(Collected data)

*** Block opens ***

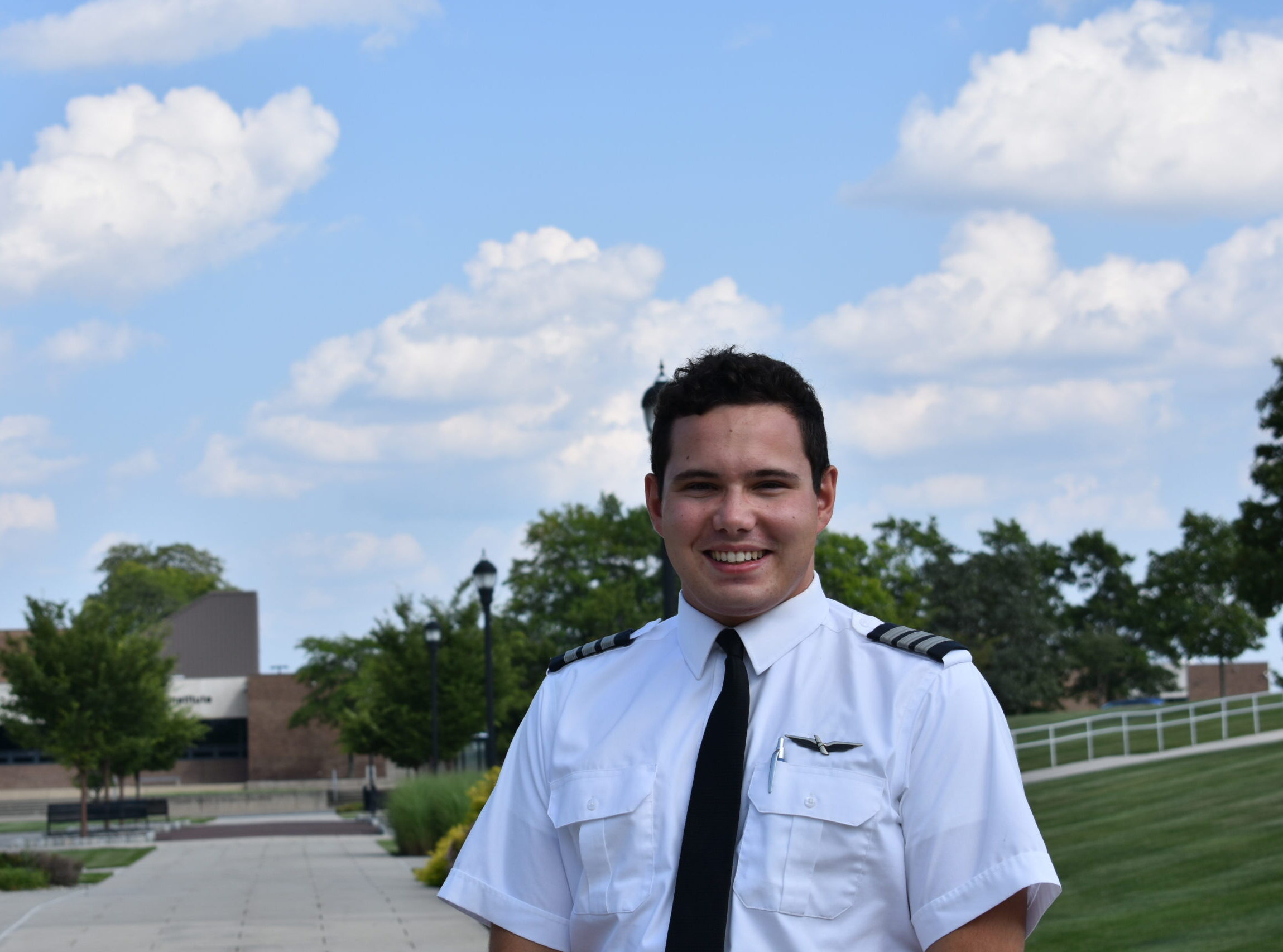 Image shows Nate Steigerwalt smiling on the main campus mall area.Steigerwalt underscores the significance of LCCC’s unique standing as a 141 program. Schools with a 141 certification foster a connection with the Federal Aviation Administration by following a federally approved and regulated syllabus. Steigerwalt expressed the rarity of government-affiliated programs in higher education and shared how valuable this was for him. As a 141 school, LCCC provides an advantage that enables students to accrue fewer overall training hours while maintaining the standards required for piloting at commercial airlines. LCCC’s status as a 141 school also helped Nathan obtain a career with PSA Airlines before meeting his hourly aviation requirements. “They scoop up people – especially out of 141 schools like LCCC because they know exactly what type of training that you have.”
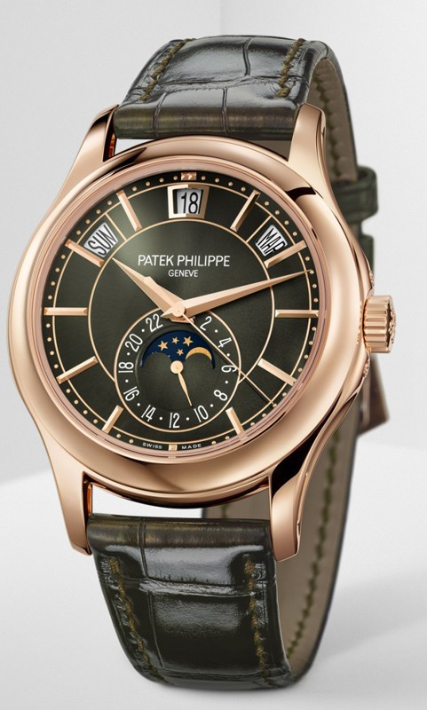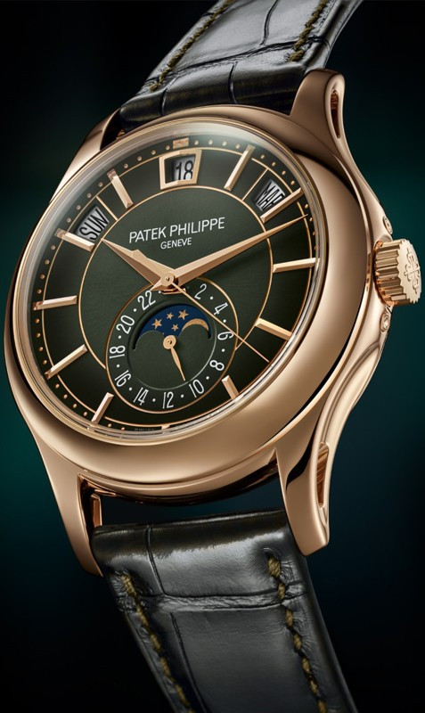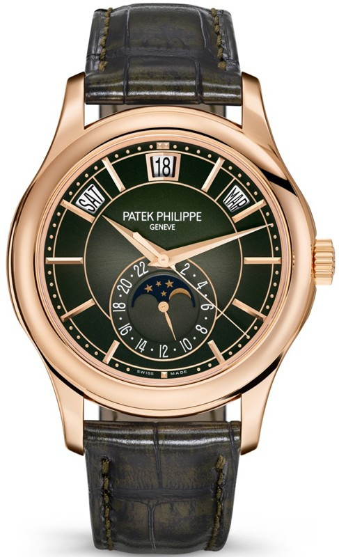 Астрономические часы Patek Philippe Complications 5205 выпущены в круглом корпусе из розового золота 18к. Размер составляет 40 х 11.36 мм, водонепроницаемость до 30 м и годовым календарем. Внутри корпуса установлен автоматический механизм, Калибр Patek Philippe 324 S QA LU 24 H, обеспечивающий запас хода 45 часов. На синем циферблате отображаются часы, минуты, секунды, дата, день недели, месяц, фаза луны, 24-х часовой указатель. Часы комплектуются ремешком из кожи аллигатора с золотой застежкой.
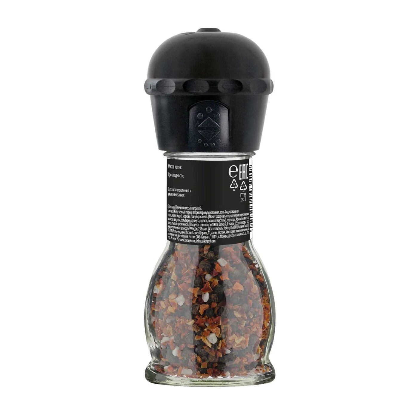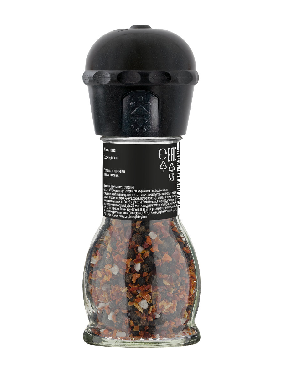 | Состав | (45%) черный перец, паприка гранулированная, соль йодированная (соль, калия йодат), морковь гранулированная. |
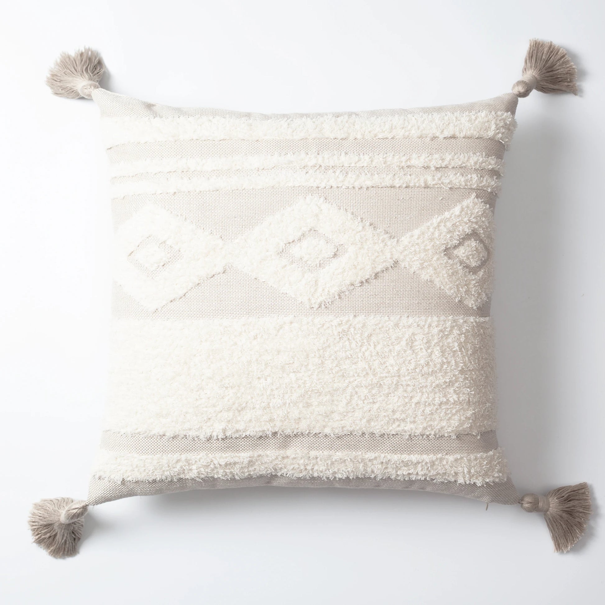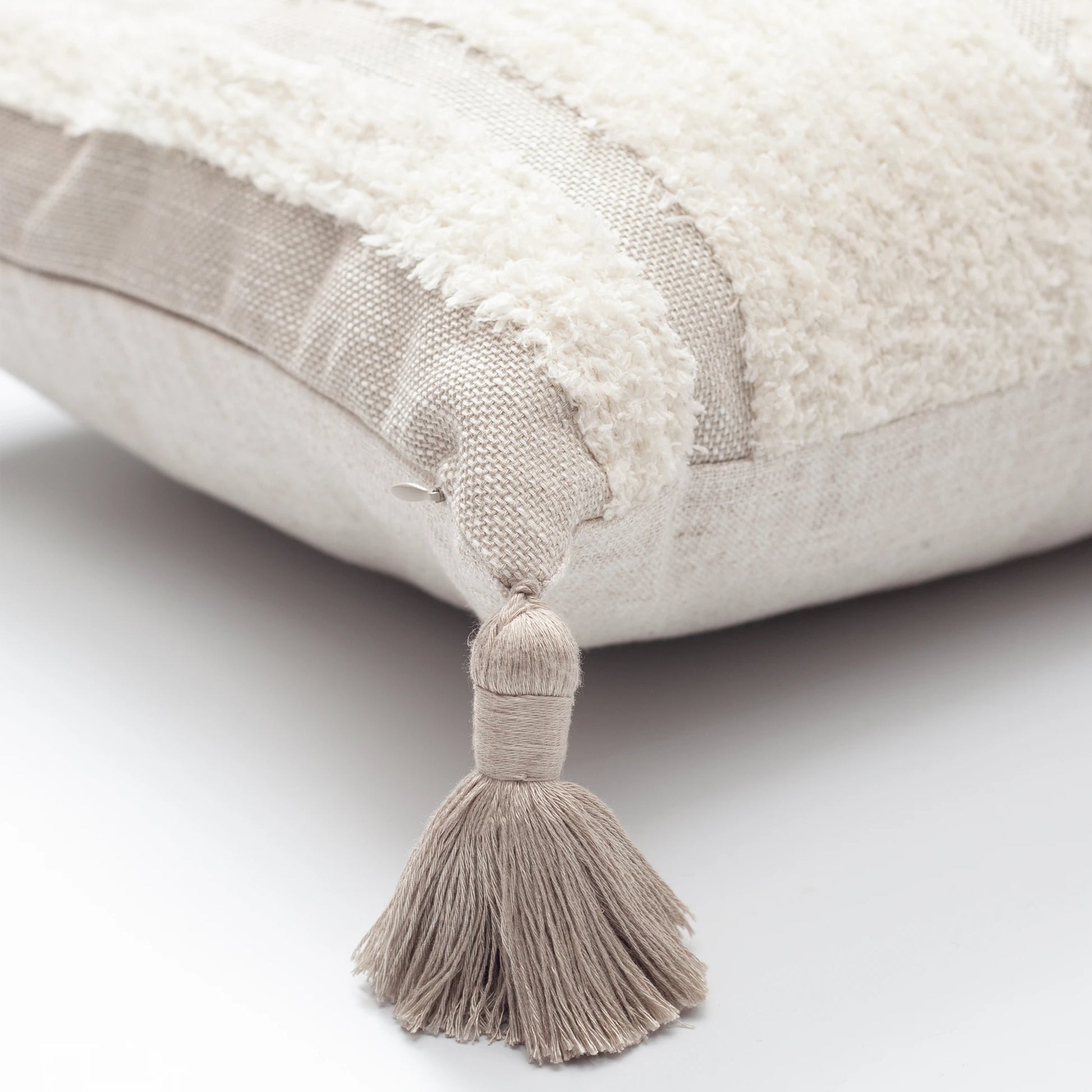 Loom - Viskon Keten %100 Natural Püsküllü 50x50 Kırlent - Keten
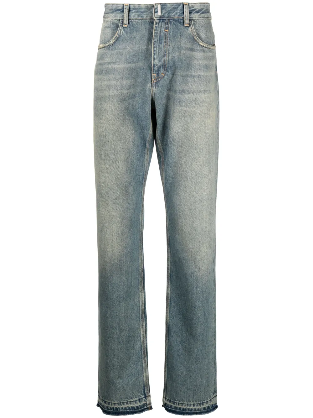 ブルー、コットン、ストーンウォッシュ加工、ストレートレッグ、ベルトループ、フロントにコンシールタイプの留め具、バックにパッチポケット x 2。
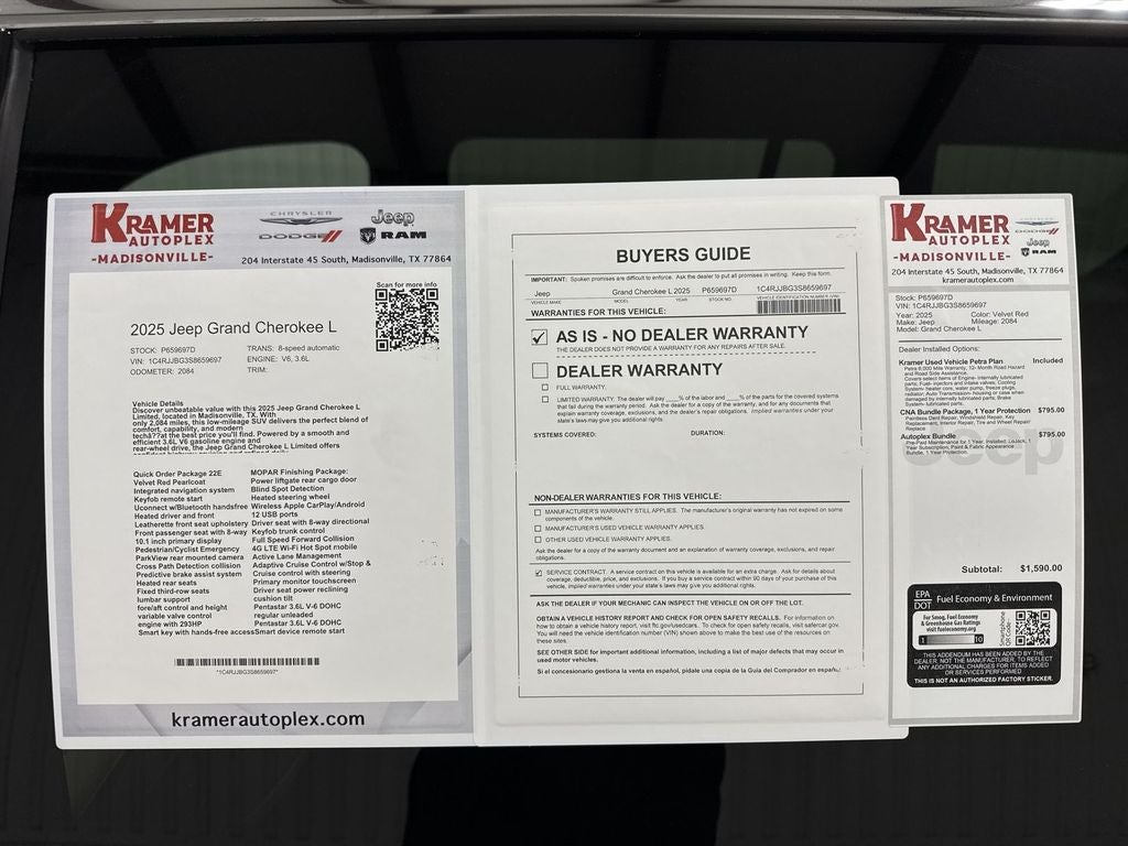 The vehicle features a hands-free Bluetooth® phone system. Start this vehicle from inside with remote start. The leather seats in this vehicle are a must for buyers looking for comfort, durability, and style. This Jeep Grand Cherokee L's Forward Collision Warning feature alerts drivers to potential front-end collisions. This 2025 Jeep Grand Cherokee L has automated speed control that adjusts to maintain a safe following distance, enhancing highway driving convenience. Apple CarPlay: Seamless smartphone integration for this Jeep Grand Cherokee L - stay connected and entertained on the go! This mid-size suv comes equipped with Android Auto for seamless smartphone integration on the road. Protect the Jeep Grand Cherokee L from unwanted accidents with a cutting edge backup camera system. Keep your hands warm all winter with a heated steering wheel in this 2025 Jeep Grand Cherokee L . This vehicle is a certified CARFAX 1-owner. The installed navigation system will keep you on the right path.

*** Block closes ***

Repeat all of the records verbatim, leaving out the pictures.

 Image shows Nate Steigerwalt smiling on the main campus mall area.Steigerwalt underscores the significance of LCCC’s unique standing as a 141 program. Schools with a 141 certification foster a connection with the Federal Aviation Administration by following a federally approved and regulated syllabus. Steigerwalt expressed the rarity of government-affiliated programs in higher education and shared how valuable this was for him. As a 141 school, LCCC provides an advantage that enables students to accrue fewer overall training hours while maintaining the standards required for piloting at commercial airlines. LCCC’s status as a 141 school also helped Nathan obtain a career with PSA Airlines before meeting his hourly aviation requirements. “They scoop up people – especially out of 141 schools like LCCC because they know exactly what type of training that you have.”
 Астрономические часы Patek Philippe Complications 5205 выпущены в круглом корпусе из розового золота 18к. Размер составляет 40 х 11.36 мм, водонепроницаемость до 30 м и годовым календарем. Внутри корпуса установлен автоматический механизм, Калибр Patek Philippe 324 S QA LU 24 H, обеспечивающий запас хода 45 часов. На синем циферблате отображаются часы, минуты, секунды, дата, день недели, месяц, фаза луны, 24-х часовой указатель. Часы комплектуются ремешком из кожи аллигатора с золотой застежкой.
 | Состав | (45%) черный перец, паприка гранулированная, соль йодированная (соль, калия йодат), морковь гранулированная. |
 Loom - Viskon Keten %100 Natural Püsküllü 50x50 Kırlent - Keten
 ブルー、コットン、ストーンウォッシュ加工、ストレートレッグ、ベルトループ、フロントにコンシールタイプの留め具、バックにパッチポケット x 2。
 The vehicle features a hands-free Bluetooth® phone system. Start this vehicle from inside with remote start. The leather seats in this vehicle are a must for buyers looking for comfort, durability, and style. This Jeep Grand Cherokee L's Forward Collision Warning feature alerts drivers to potential front-end collisions. This 2025 Jeep Grand Cherokee L has automated speed control that adjusts to maintain a safe following distance, enhancing highway driving convenience. Apple CarPlay: Seamless smartphone integration for this Jeep Grand Cherokee L - stay connected and entertained on the go! This mid-size suv comes equipped with Android Auto for seamless smartphone integration on the road. Protect the Jeep Grand Cherokee L from unwanted accidents with a cutting edge backup camera system. Keep your hands warm all winter with a heated steering wheel in this 2025 Jeep Grand Cherokee L . This vehicle is a certified CARFAX 1-owner. The installed navigation system will keep you on the right path.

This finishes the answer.